LGBTQIA+ art blog #8: Shanon Shah

Shanon Shah is the national coordinator of Faith for the Climate and the author of The Making of a Gay Muslim: Religion, Sexuality and Identity in Malaysia and Britain. He is also part of the Waterloo Festival’s programme committee and sings in the St John’s choir during Sunday service.


There’s something about theatre and its capacity to deepen discussions about social justice that has always gripped me. I had goose-bumps when I first saw live productions of Henrik Ibsen’s A Doll’s House and Arthur Miller’s The Crucible. And the impact of reading Lorraine Hansberry’s A Raisin in the Sun (about the Civil Rights era), Anna Deavere Smith’s Twilight: Los Angeles 1992 (about the riots that followed police brutality against Rodney King) and Wole Soyinka’s Death and the King’s Horseman (about British colonialism in Nigeria), has stayed with me over the years.
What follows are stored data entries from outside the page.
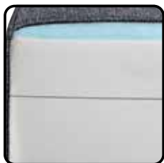
Variant 2: sandwich veerkrachtig HR-schuim (optie) Nosagveren, onderlaag HR-schuim 38kg/m 3 , bovenlaag HR-schuim 30kg/m 3 , diolenwatten afdeklaag
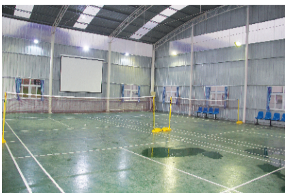
门内是室内活动中心，羽毛球场、乒乓球台、点唱机。
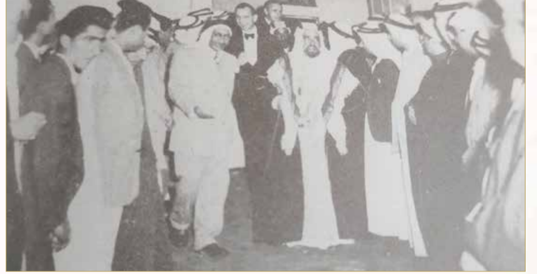
صاحب العظمة المغفور له الشيخ سلمان بن حمد آل خليفة ممتنحا مقر نادي العروبة في العام 1954

In my own work on LGBTQ+ issues, I’ve addressed social justice as a singer-songwriter, activist, journalist, academic sociologist, and playwright. My first full-length play, Air Con, addressed homophobia and transphobia in an all-boys boarding school in Malaysia. It was a surprise box-office hit and earned several accolades, including Best Malay Script at the 7th Boh Cameronian Arts Awards.

Not all art is created equal, though. Since Air Con, I’ve come across numerous atrocious attempts to tell the “Islam and homosexuality” story here in Britain and elsewhere. In fact, there have been copious, insipid storylines about Islam, full stop – on stage, cinema and television. These stories especially fall flat when they attempt to expose supposedly hard-hitting truths about Islam and Muslims by recycling tired anti-Muslim tropes.

Not so with The Funeral Director by Iman Qureishi. Winner of the 2018 Papatango New Writing Prize, the play begins with a distraught gay English man asking a Muslim funeral parlour to help bury his Muslim partner, who recently committed suicide. The funeral director declines, and what follows is an unflinching look at how the resulting furore puts each of the characters through hell. No spoilers, but what makes this play special is that every character is fully realised – from the grieving gay spouse to the Muslim couple and their conflicted lawyer.

I watched this at Southwark Playhouse with my beloved, Giles, and a devout, straight Muslim friend, Uzma. By the end of the first act, all three of us were in floods of tears. Never had Uzma and I seen a play that expressed our deepest hurts and frustrations as Muslims whilst also respecting all that we held dear about Islam. The Funeral Director expanded my faith in the potential of theatre to showcase difficult stories without becoming preachy and without dumbing down much-needed social analysis.

 

As part of Pride Month 2020, Crossbeam and Waterloo Festival are presenting a blog, featuring LGBTQIA+ artists and those who hold LGBTQIA+ art dear to them.


Josh Mock, curating the series, writes:

It is my hope that by sharing the stories of diverse artists, we can appreciate and celebrate all those who strive to use art as a vehicle for LGBTQIA+ inclusion, activism, and advocacy.”